Kafka Internals: Log Segments, Offsets & The Commit Protocol
A tour of how Kafka persists records — segment files, index files, high watermark, and the acks=all contract.
Kafka is often described as a distributed commit log, but the phrase hides a lot of detail. Under the hood, every partition is a directory of append-only segment files paired with two index files. Understanding that layout is the fastest route to reasoning about throughput, retention, and failure modes.
1. Segments on disk
Each partition log is split into segments of a fixed size (default log.segment.bytes=1 GiB). A segment becomes closed once it hits the size limit or the time roll log.roll.ms expires. Closed segments are immutable, which is what lets Kafka push sequential I/O so hard.
/var/kafka/data/orders-0/
├── 00000000000000000000.log
├── 00000000000000000000.index
├── 00000000000000000000.timeindex
├── 00000000000004823104.log
├── 00000000000004823104.index
└── 00000000000004823104.timeindex
The filename is the base offset. The .index maps offset → physical byte position; the .timeindex maps timestamp → offset. Both are sparse (one entry every log.index.interval.bytes, default 4 KiB) — a consumer seeking a specific offset does a binary search in the index, then a short linear scan of the log.
2. LEO, HW, and the ISR
Every replica tracks a Log End Offset (LEO).

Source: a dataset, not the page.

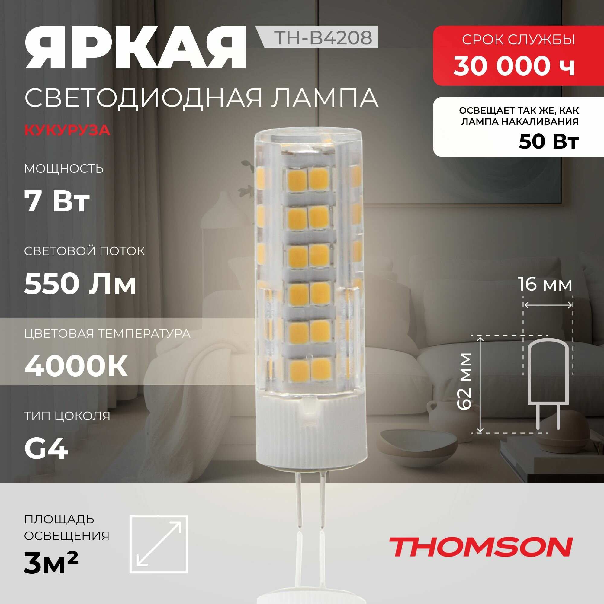 Модель: THOMSON LED G4 7W 550Lm 4000K TH-B4208

The leader tracks the minimum LEO across the in-sync replicas (ISR) and publishes that as the High Watermark (HW). Consumers can only read up to HW — this is how Kafka guarantees that data returned to a consumer will survive a leader failure.
Leader LEO=120 HW=118
Follower A LEO=120
Follower B LEO=118 ← gates the HW
3. The acks contract
acks=0— fire and forget. The producer doesn't even wait for a socket write to complete.acks=1— leader appended to its local log. You lose data if the leader dies before replication.acks=all— the leader waits for all ISR followers to append. Combined withmin.insync.replicas=2this is the correct setting for durable pipelines.
4. Retention is a compaction, not a delete
When retention expires, Kafka deletes whole closed segments. That's why setting log.retention.ms to a small value but log.segment.ms to a huge one will appear to "not work" — the segment simply hasn't rolled yet.
Rules of thumb
- Keep segments small on low-traffic topics so retention kicks in on time.
- On throughput-critical topics, keep segments large to minimise file-handle churn.
- Always pair
acks=allwithmin.insync.replicas. One without the other is a footgun.